Top of Source material

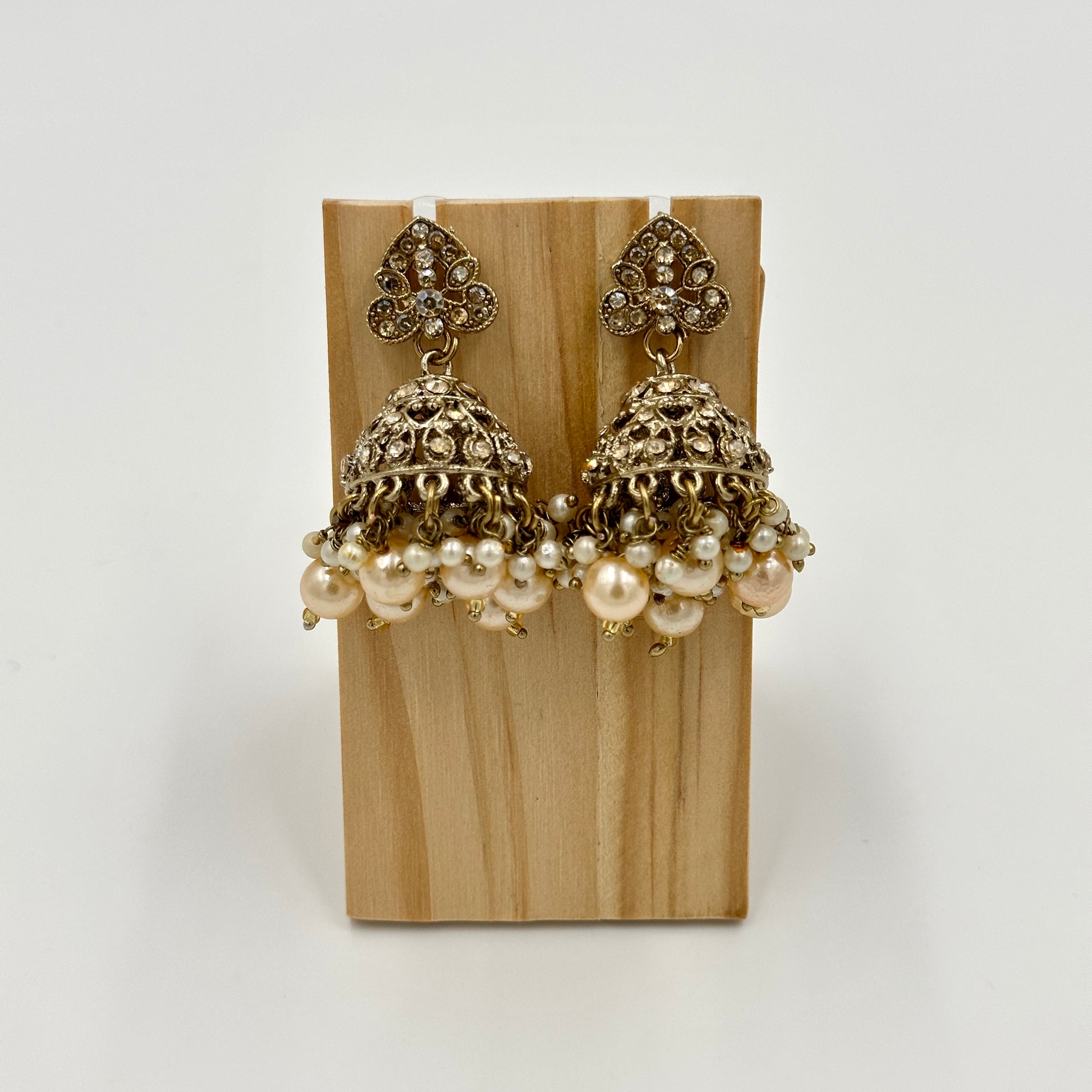 Antique Gold-Plated Pearl & Kundan Choker Necklace Set with Jhumka Earrings & Maang Tikka
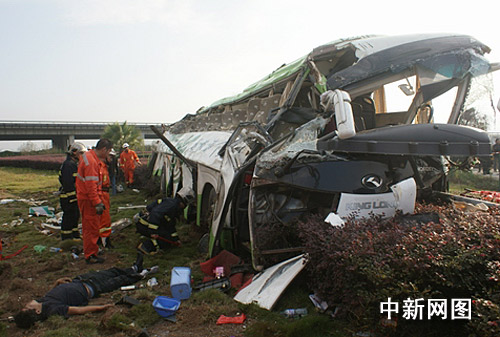 當(dāng)天上午7時(shí)40分,第一批消防救援隊(duì)員趕到事故現(xiàn)場(chǎng)。此時(shí),現(xiàn)場(chǎng)圍滿了群眾,呼聲、喊聲不斷,大客車則是面目全非,車頂和車身已經(jīng)有15度的傾斜,車頭嚴(yán)重變形,車身車窗玻璃盡碎。
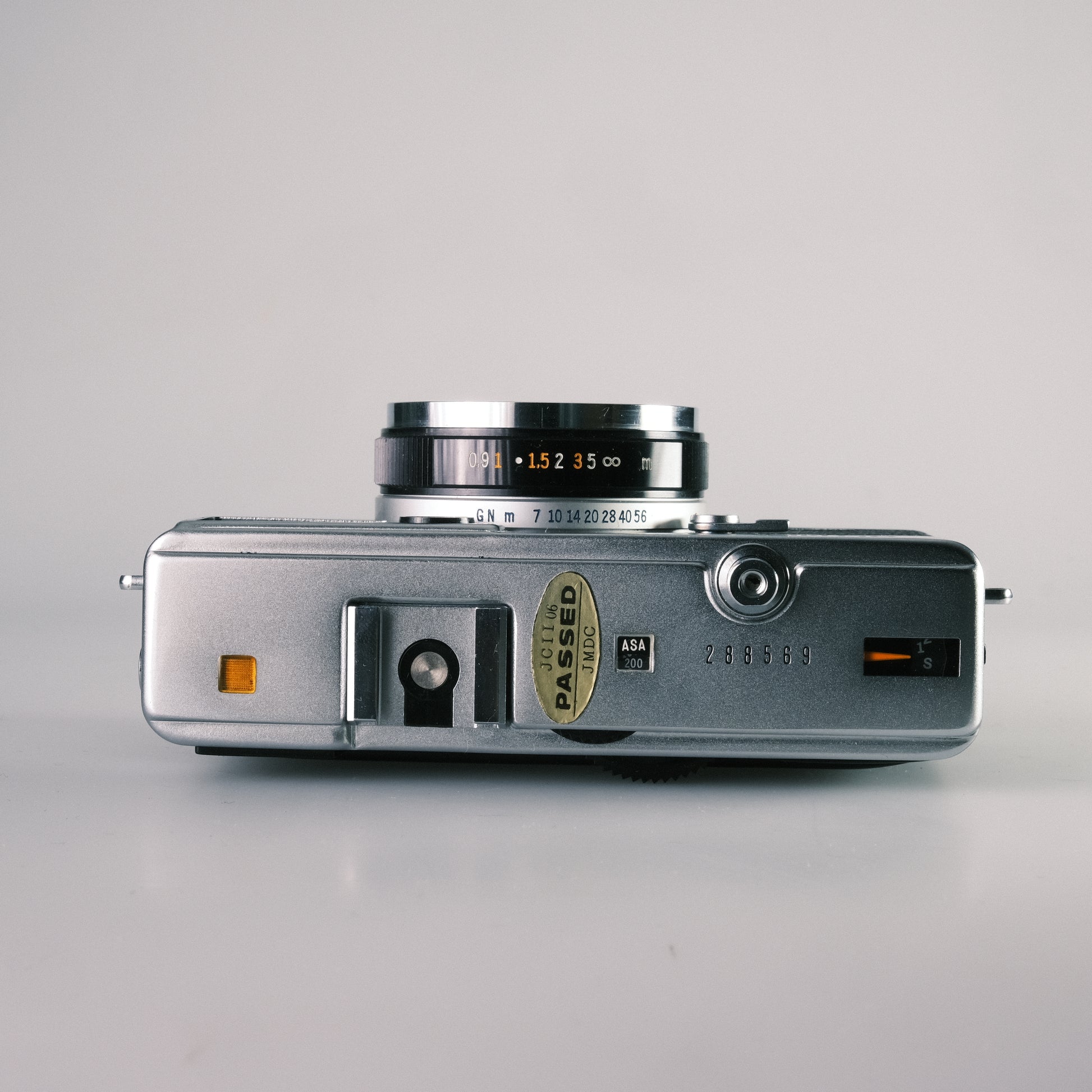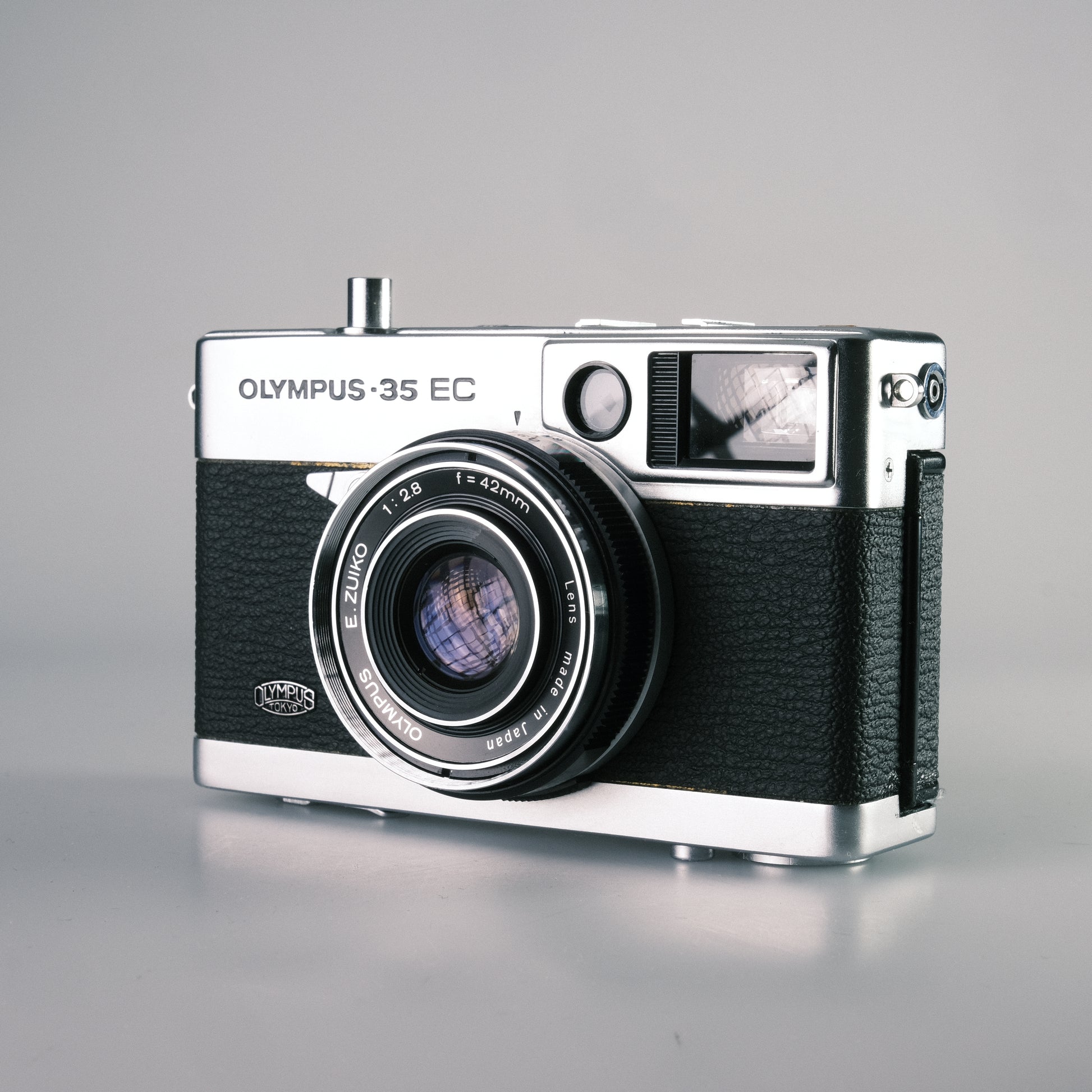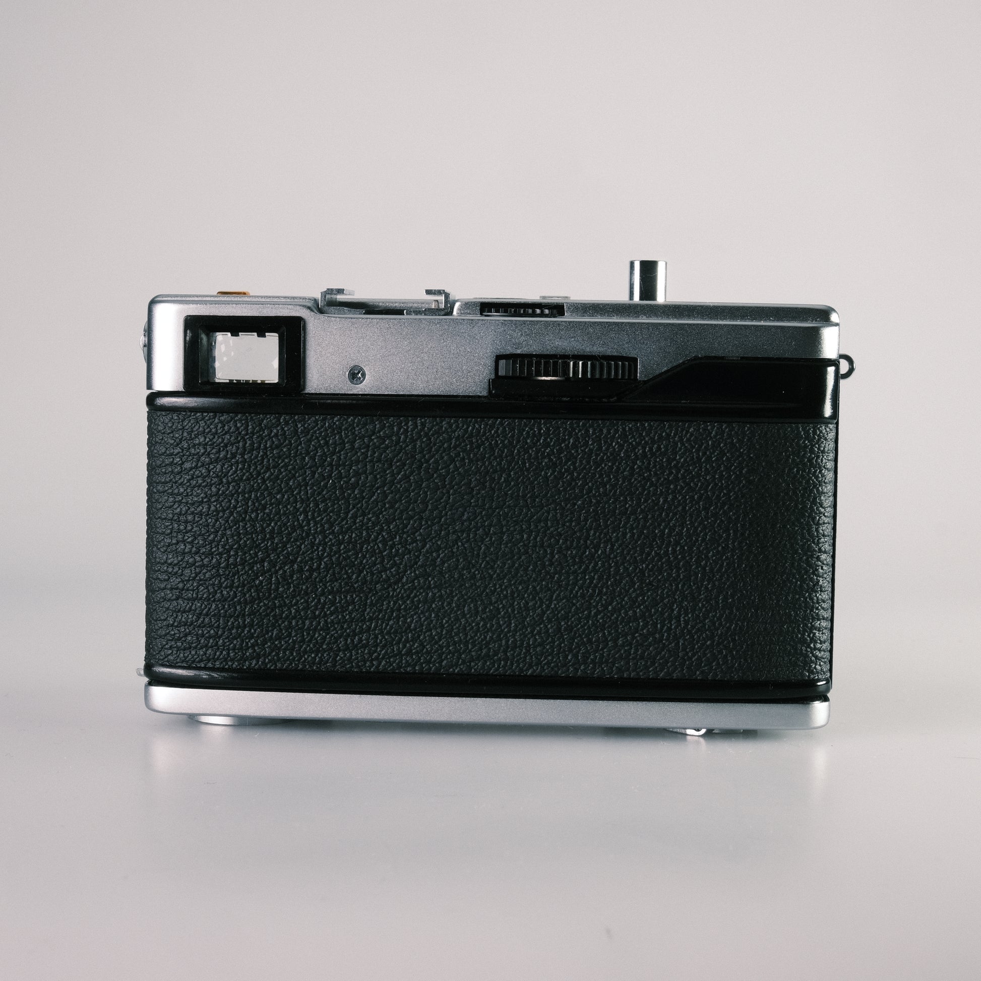 Olympus Sucherkamera mit vollautomatischer Belichtung durch einen Elektronikverschluss mit Verschlusszeiten 1/800 Sek. - 4 Sek. ISO Bereich 25-800.

Bottom of Source material

What you give back must match the material above exactly, minus its pictures.

#### [Written solution]
 Antique Gold-Plated Pearl & Kundan Choker Necklace Set with Jhumka Earrings & Maang Tikka
 當(dāng)天上午7時(shí)40分,第一批消防救援隊(duì)員趕到事故現(xiàn)場(chǎng)。此時(shí),現(xiàn)場(chǎng)圍滿了群眾,呼聲、喊聲不斷,大客車則是面目全非,車頂和車身已經(jīng)有15度的傾斜,車頭嚴(yán)重變形,車身車窗玻璃盡碎。
 Olympus Sucherkamera mit vollautomatischer Belichtung durch einen Elektronikverschluss mit Verschlusszeiten 1/800 Sek. - 4 Sek. ISO Bereich 25-800.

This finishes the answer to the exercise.